(SUPPLIED DATA Opens)
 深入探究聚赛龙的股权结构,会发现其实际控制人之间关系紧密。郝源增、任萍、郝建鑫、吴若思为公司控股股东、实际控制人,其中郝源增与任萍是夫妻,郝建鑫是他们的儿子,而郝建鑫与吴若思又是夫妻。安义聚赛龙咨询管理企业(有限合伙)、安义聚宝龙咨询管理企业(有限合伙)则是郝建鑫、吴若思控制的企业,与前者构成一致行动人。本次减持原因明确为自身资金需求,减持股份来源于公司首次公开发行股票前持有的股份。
(SUPPLIED DATA Closes)
(SUPPLIED DATA Opens)
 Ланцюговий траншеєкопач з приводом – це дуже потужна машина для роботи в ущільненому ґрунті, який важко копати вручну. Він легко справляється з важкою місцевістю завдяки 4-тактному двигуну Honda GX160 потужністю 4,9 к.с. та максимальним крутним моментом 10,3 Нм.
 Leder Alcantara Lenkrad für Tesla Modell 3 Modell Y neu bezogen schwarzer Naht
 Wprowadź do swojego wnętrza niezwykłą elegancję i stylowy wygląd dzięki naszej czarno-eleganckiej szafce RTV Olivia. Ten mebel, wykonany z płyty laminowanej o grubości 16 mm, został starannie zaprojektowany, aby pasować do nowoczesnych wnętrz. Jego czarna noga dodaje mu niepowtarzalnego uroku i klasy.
(SUPPLIED DATA Closes)
(SUPPLIED DATA Opens)
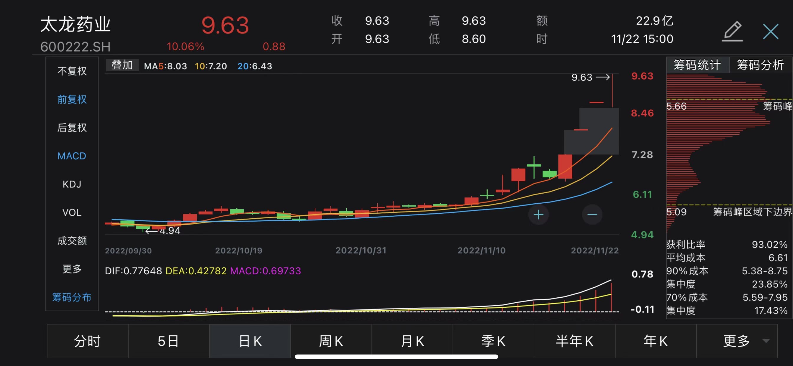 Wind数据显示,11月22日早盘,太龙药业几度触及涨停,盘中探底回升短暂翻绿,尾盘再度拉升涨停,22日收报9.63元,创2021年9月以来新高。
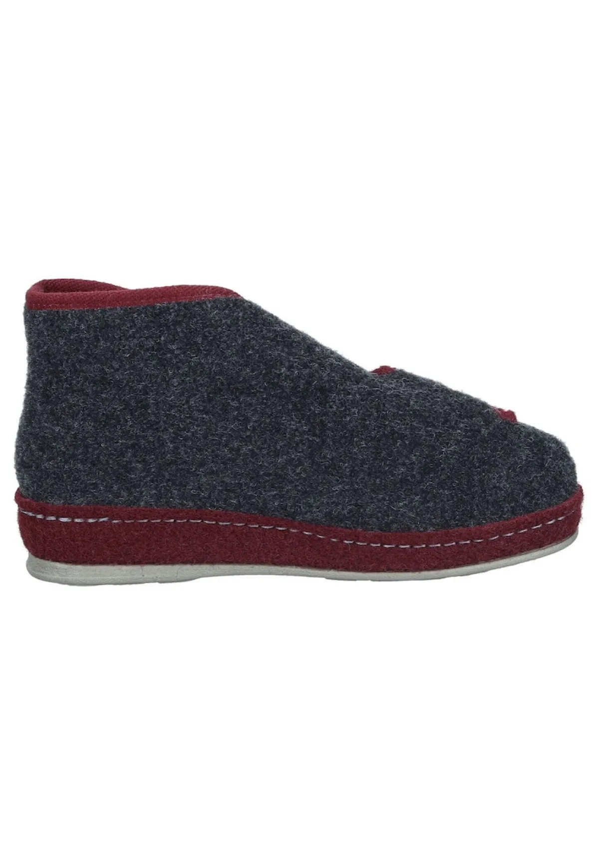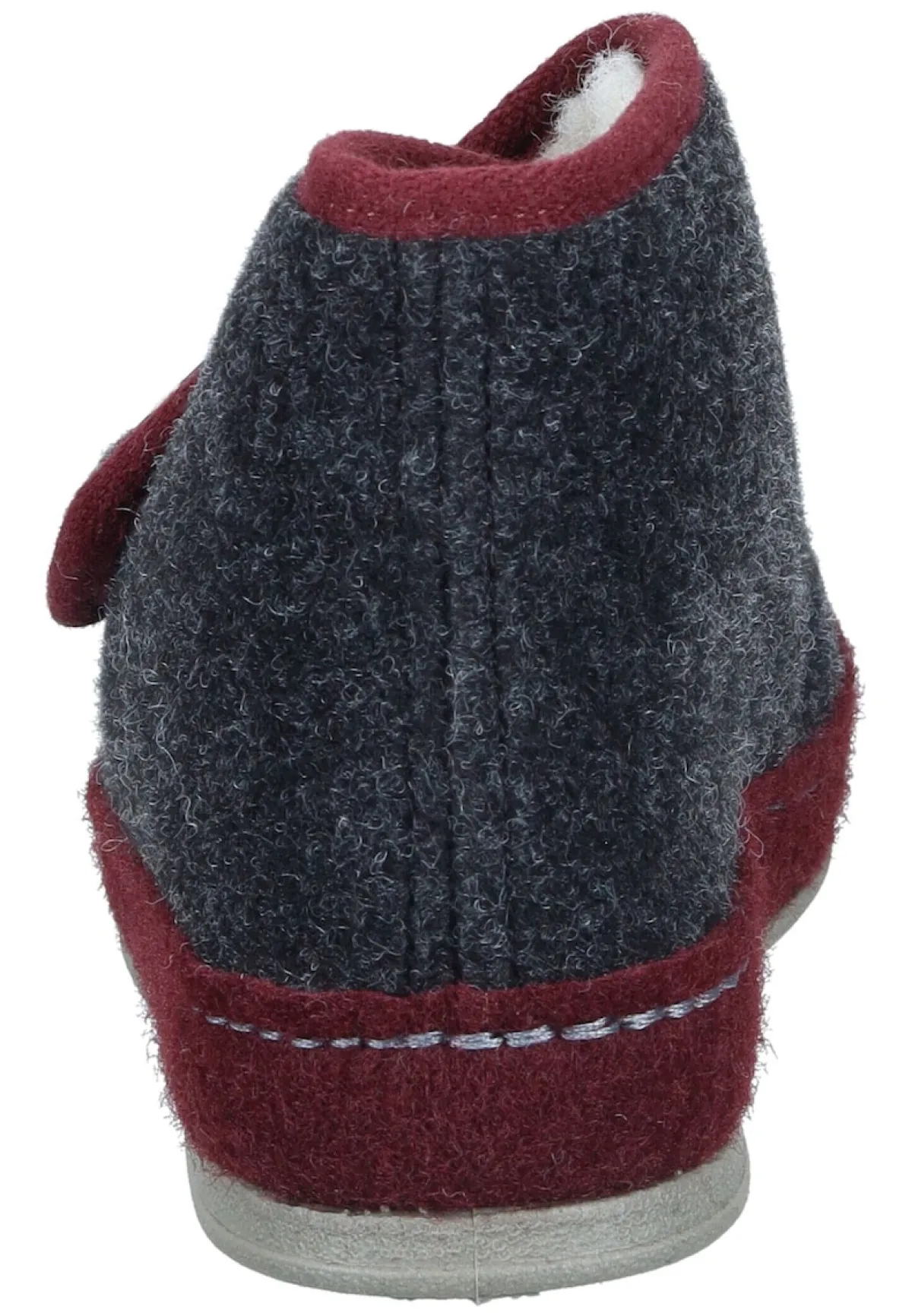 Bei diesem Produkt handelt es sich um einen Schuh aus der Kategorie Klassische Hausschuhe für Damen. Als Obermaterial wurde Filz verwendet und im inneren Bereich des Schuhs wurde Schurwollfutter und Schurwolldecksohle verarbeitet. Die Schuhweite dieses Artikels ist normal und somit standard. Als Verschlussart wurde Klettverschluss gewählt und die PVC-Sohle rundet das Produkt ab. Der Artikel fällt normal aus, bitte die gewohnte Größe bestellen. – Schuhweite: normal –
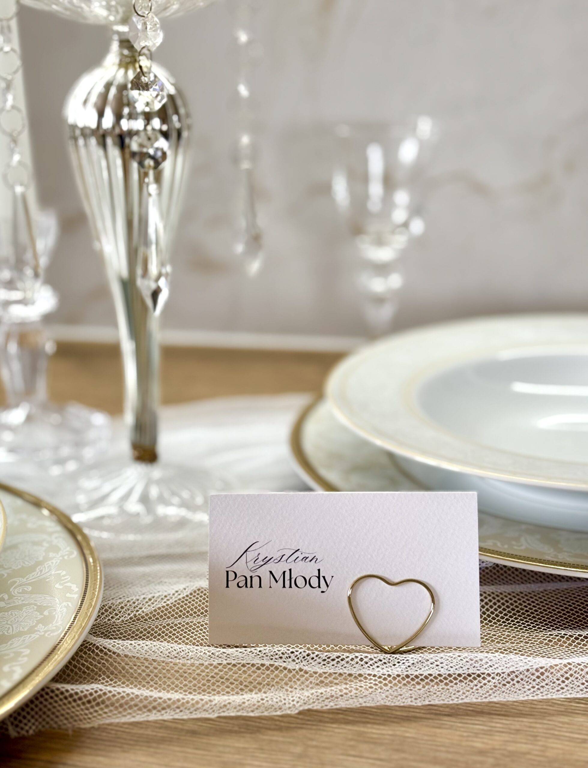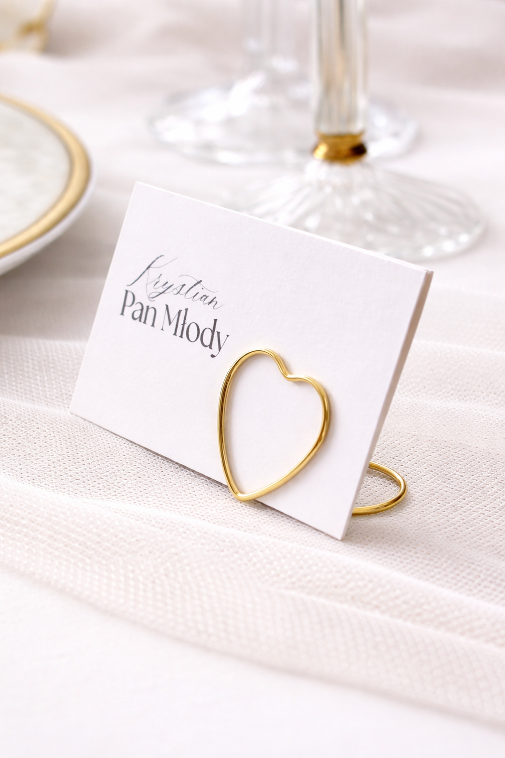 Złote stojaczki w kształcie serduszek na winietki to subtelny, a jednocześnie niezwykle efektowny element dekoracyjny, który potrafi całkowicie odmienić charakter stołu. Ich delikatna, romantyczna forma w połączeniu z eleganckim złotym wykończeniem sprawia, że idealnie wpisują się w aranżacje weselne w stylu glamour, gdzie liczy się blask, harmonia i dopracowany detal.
(SUPPLIED DATA Closes)
■ EXERCISE ■
Above are the entries. Copy exactly the part that opens with the line containing "Leder Alcantara Lenkrad" and closes with the line containing "Wprowadź do swojego", and no more.

■ WORKED SOLUTION ■
 Leder Alcantara Lenkrad für Tesla Modell 3 Modell Y neu bezogen schwarzer Naht
 Wprowadź do swojego wnętrza niezwykłą elegancję i stylowy wygląd dzięki naszej czarno-eleganckiej szafce RTV Olivia. Ten mebel, wykonany z płyty laminowanej o grubości 16 mm, został starannie zaprojektowany, aby pasować do nowoczesnych wnętrz. Jego czarna noga dodaje mu niepowtarzalnego uroku i klasy.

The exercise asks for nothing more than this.